Brave Search Ditches Bing, And Becomes An Alternative, Independent Search Engine

a brave search without bing

Brave Software, Inc. is best-known for its Brave web browser. Besides other of its products, it's also known for its Brave Search search engine.

The search engine was developed in-house, and was released in beta in March 2021, following the acquisition of Tailcat, a privacy-focused search engine from Cliqz. While it has grown its resources as years past, it was relying on Microsoft Bing to populate many of its search engine results pages.

The web is big, and only a handful of tech companies can totally index everything, if not most of it.

But again, Brave is no longer a small company.

It no longer owns relatively-unknown products, because as of August 2022, Brave claimed to have more than 57.42 million monthly active users, 19.3 million daily active users, and a network of more than 1.6 million content creators.

it’s even averaging about 22 million queries per day.

Because of that, Brave is already big enough to sustain the burden of operating independently.

In a blog post, the company is proud to announce that its Brave Search is finally completely Bing-free, private, and independent.

"Since its launch, privacy-preserving Brave Search has been the only global, independent alternative to serve results almost exclusively from its own index. That meant far less reliance on the existing Big Tech options (Bing and Google) than the supposed alternatives—like DuckDuckGo—that are actually powered by these Big Tech APIs."

"When Brave Search launched in June 2021, about 13% of the queries required the help of third parties to achieve the desired level of quality across various types of queries. Total independence, however, was a primary goal of Brave, and in less than a year the Brave Search global independence score rose from 87% to 93%."

With following consecutive milestones, the achievements allowed Brave "to accelerate this milestone of 100% independence."

While Brave could indeed continue its partnership with Microsoft, saving it from the pain of maintaining a resource-hungry search engine by itself, Brave said that it considered goind solo because of the "uncertainty over the future of the Bing API."

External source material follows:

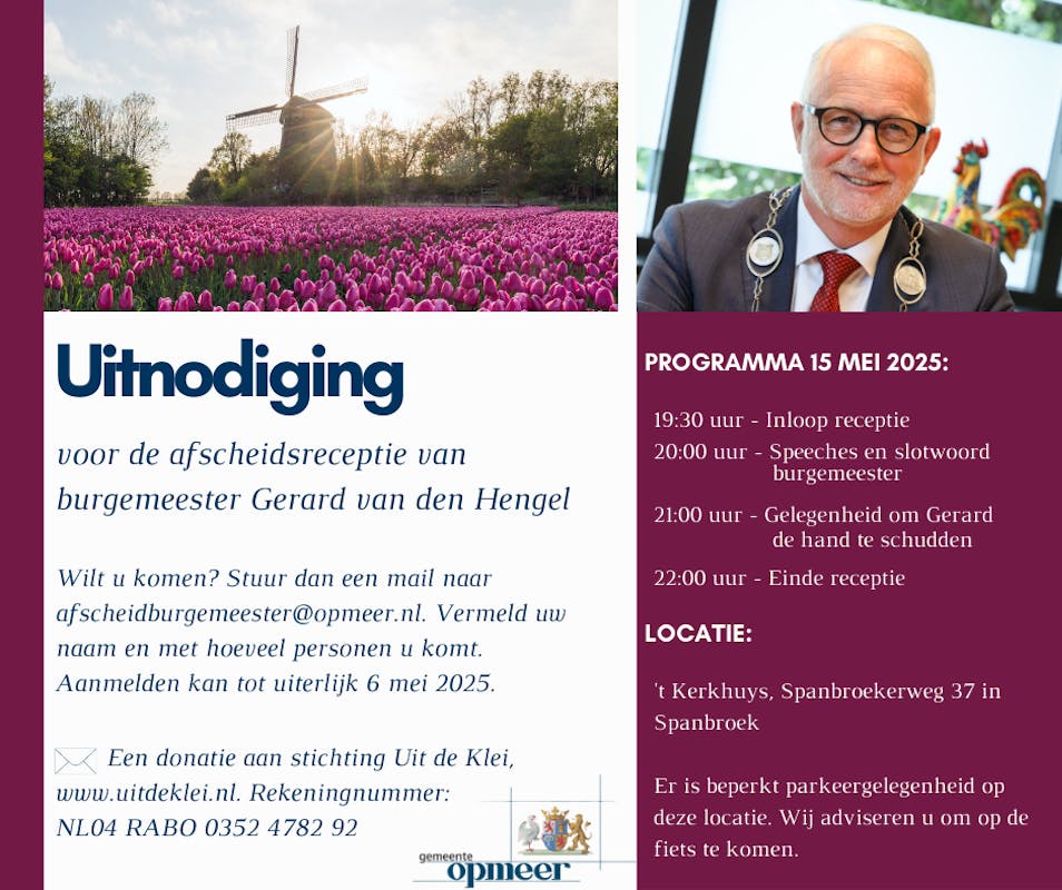 Graag nodigen we alle inwoners en ondernemers uit de gemeente Opmeer uit voor de afscheidsreceptie van burgemeester Gerard van den Hengel. De receptie vindt plaats op donderdag 15 mei om 19.30 uur in 't Kerkhuys in Spanbroek aan de Spanbroekerweg 37.

Since OpenAI introduced ChatGPT, and following Microsoft's partnership with OpenAI, the tech titan is moving pretty fast, spreading its generative AI capabilities to more of its products.

And in Bing, where Microsoft generative AI chatbot originally resides, Microsoft is making numerous changes to the search engine in quick paces, that Brave is fearing for the continuity of the Bing service.

What's more, Microsoft also announced an unprecedented increase in its API pricing. which was made due to the increasing amount of resources demanded by third-party search engines that rely partly or fully on the Bing Search API.

"The consequences of their reliance on Bing will play out in the following months when their long term contracts expire," said Brave.

Brave Web Discovery Project.
Brave relies heavily on its 'Web Discovery Project', where it collects anonymous data about searches and web pages people visit within the Brave Browser.

Brave is able to take this bold step of going independent, because Brave had both an independent index, and a built-in delivery mechanism (the Brave browser) to continue improving the Brave Search index.

Because of this, "Brave Search users will now receive 100% of results from the Brave Index, giving users fully independent results," and that this is set as default.

But again, since there should be unforeseen consequences of this switch, Brave said that users can utilize Google Fallback as an option, and that users can also continue to support the growth of the index and results quality by opting into the Web Discovery Project, and submitting feedback "in cases where we should improve."

Using data from Web Discovery Project, Brave can continue improving its Brave Search independent index, to "ensure we show relevant results to your search queries and support more relevant experiences with Brave products and services."

"This removal of all Bing API calls may have an effect for certain queries, or for some regional or language-specific results, so we encourage users to submit feedback as often as possible," said Brave.

In the end, Brave wants to be the alternative to Bing Tech, and plans to release the Brave Search API. Through it, developers and companies should be able to build search experiences that compete on quality with Big Tech.